Provided data |
= = =
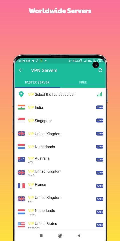 टर्बो ऐप का उपयोग करके वीपीएन नेटवर्क से कनेक्ट करना सरल ऐप नियंत्रण के साथ बेहद आसान है। केवल एक टैप से, आप कई देशों के वीपीएन सर्वर से जुड़ सकते हैं और असीमित समय के लिए वीपीएन से जुड़े रह सकते हैं। तो आप किसका इंतज़ार कर रहे हैं? अब Android के लिए सबसे अच्छा मुफ्त वीपीएन ऐप डाउनलोड करें।
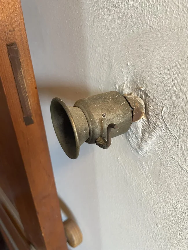 1. Невеликий металевий циліндр у стіні будинку XIX століття з маленьким важелем та заслінкою.
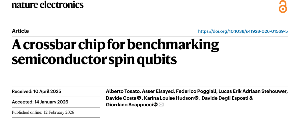 代尔夫特理工大学的Giordano Scappucci 团队在2026年发布的QARPET是另一个里程碑。这是一个基于23x23阵列的交叉栅极芯片,能够在单次冷却中测试多达1058个空穴自旋比特。
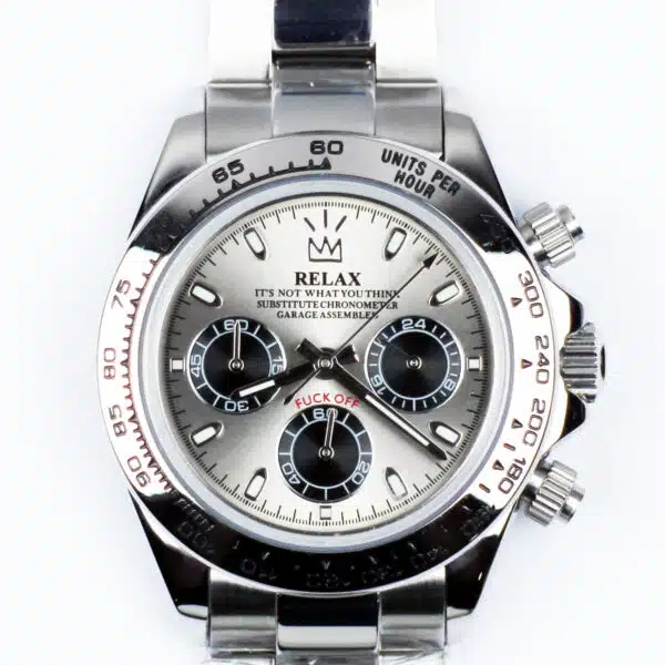 Relax parody watches are the perfect way to make a statement without saying a word. Custom built with high quality parts that are sure to last, this watch is both reliable and funny. Whether you’re looking for a conversation starter, or just a unique way to express your style with a sense of humor, a Relax watch does it all.
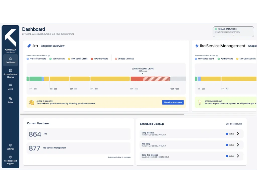 One way to begin understanding what your licensing landscape looks like is by trying out the Automated User Cleanup & Deactivation application for Jira, JSM and Confluence for Atlassian Cloud and Data Center. This application gives admins an overview of their company’s license consumption, activity vs. inactivity, and unused licenses, as well as options to cleanup and deactivate users and groups. It’s an easy way for admins to optimize their license base and off-boarding inactive users.
= = =
Assignment | Return the listing unchanged, but drop every picture.

Solution to this exercise |
 टर्बो ऐप का उपयोग करके वीपीएन नेटवर्क से कनेक्ट करना सरल ऐप नियंत्रण के साथ बेहद आसान है। केवल एक टैप से, आप कई देशों के वीपीएन सर्वर से जुड़ सकते हैं और असीमित समय के लिए वीपीएन से जुड़े रह सकते हैं। तो आप किसका इंतज़ार कर रहे हैं? अब Android के लिए सबसे अच्छा मुफ्त वीपीएन ऐप डाउनलोड करें।
 1. Невеликий металевий циліндр у стіні будинку XIX століття з маленьким важелем та заслінкою.
 代尔夫特理工大学的Giordano Scappucci 团队在2026年发布的QARPET是另一个里程碑。这是一个基于23x23阵列的交叉栅极芯片,能够在单次冷却中测试多达1058个空穴自旋比特。
 Relax parody watches are the perfect way to make a statement without saying a word. Custom built with high quality parts that are sure to last, this watch is both reliable and funny. Whether you’re looking for a conversation starter, or just a unique way to express your style with a sense of humor, a Relax watch does it all.
 One way to begin understanding what your licensing landscape looks like is by trying out the Automated User Cleanup & Deactivation application for Jira, JSM and Confluence for Atlassian Cloud and Data Center. This application gives admins an overview of their company’s license consumption, activity vs. inactivity, and unused licenses, as well as options to cleanup and deactivate users and groups. It’s an easy way for admins to optimize their license base and off-boarding inactive users.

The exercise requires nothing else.